Да, есть физиотерапия — доктор Бэбино ее прописал, и Брейди не мог сопротивляться, — но ее возможности ограничены. В конце концов, он смог протащиться футов тридцать[34] по коридору, который некоторые пациенты прозвали пыточным шоссе, — но только с помощью координатора-педагога Урсулы Гейбер, мужиковатой фашистки с лесбийскими манерами, которая этим руководила.
— Еще шаг, мистер Хартсфилд, — произносила Гейбер, а когда он через силу делал этот шаг, эта сука требовала от него следующий шаг, и следующий. Когда Брейди в конце концов, позволялось рухнуть в кресло, он дрожал и был мокрый от пота. При этом он любил представлять себе, как запихивает Гейбер в одно место пропитанные бензином тряпки и поджигает их.
— Молодец! — восклицала она тем временем. — Хорошо поработали, мистер Хартсфилд!
Он удосуживался пробормотать что-то отдаленно похожее на «спасибо», а она оглядывалось вокруг, гордо улыбаясь всем, кто оказывался поблизости. Взгляните! Моя ручная обезьяна может говорить!
Он мог говорить (больше и лучше, чем они думали) и мог протащиться десять ярдов по пыточному шоссе. В лучшие дни мог есть заварной крем и не очень при этом заляпаться. Но он не мог одеться, завязать шнурки, подтереться, даже не мог воспользоваться пультом (таким похожим на «Изделие 1» и «Изделие 2» из старых добрых времен) и смотреть телевизор.
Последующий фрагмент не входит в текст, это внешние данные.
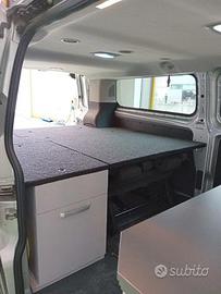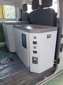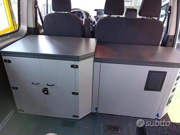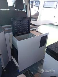 Arredamento fattura artigianale di buon livello composto da: contenitore frigorifero a pozzetto con cestello estraibile e piano di appoggio scorrevole, mobiletto per lavello con lavello e doccetta con tanica acqua e recupero, mobiletto contenitore wc con Wc porta potti Thetford Frigorifero pozzetto 12v Materiale rimosso da un minivan completo di tutti gli accessori
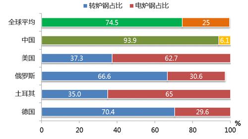 图表42015年全球及主要国家电炉钢占比情况

Взять его он мог, но моторики для нажатия на маленькие кнопочки ему не хватало. Если он и мог включить его с пульта, то, в конце концов, все заканчивалось тем, что он смотрел на пустой экран с надписью «Нет сигнала». Это его злило — в начале 2012 года его злило абсолютно все, — но он очень старался этого не показывать. Злые люди имеют причины для злости, потому что могут думать, а у овоща нет причин ни для чего.
Иногда забегали юристы из окружной прокуратуры. Бэбино выступал против таких визитов, говоря юристам, что из-за них пациент регрессирует, что противоречит их долгосрочным интересам, но это не помогало.
Иногда с теми юристами приезжали копы, один раз коп пришел сам. Это был жирный мудак с короткой стрижкой и бодрыми манерами. Брейди сидел в своем кресле, поэтому мудак расселся на его постели. Жирный мудак сказал Брейди, что его племянница была на концерте «Здесь и сейчас». «Ей всего тринадцать, и она от этой группы просто без ума», — сказал он, посмеиваясь. Не прекращая смеяться, он наклонился над своим здоровенным пузом и ударил Брейди по яйцам.
— Вот тебе подарочек от моей племянницы, — сказал жирный мудак. — Почувствовал? Ну, надеюсь, ты все почувствовал.
Брейди действительно почувствовал, только не так сильно, как, видимо, надеялся жирный мудак, потому что от пояса до колен у него почти все онемело. Видимо, в голове сгорела какая-то схема, ответственная за чувствительность в этой области, подумал Брейди. В нормальной ситуации это была бы плохая новость, но не тогда, когда получаешь хук правой по семейным ценностям. Он так и сидел там, не изменившись в лице. По подбородку ползла струйка слюны. Но имя жирного мудака он запомнил: Моретти. Этот теперь тоже в его списке.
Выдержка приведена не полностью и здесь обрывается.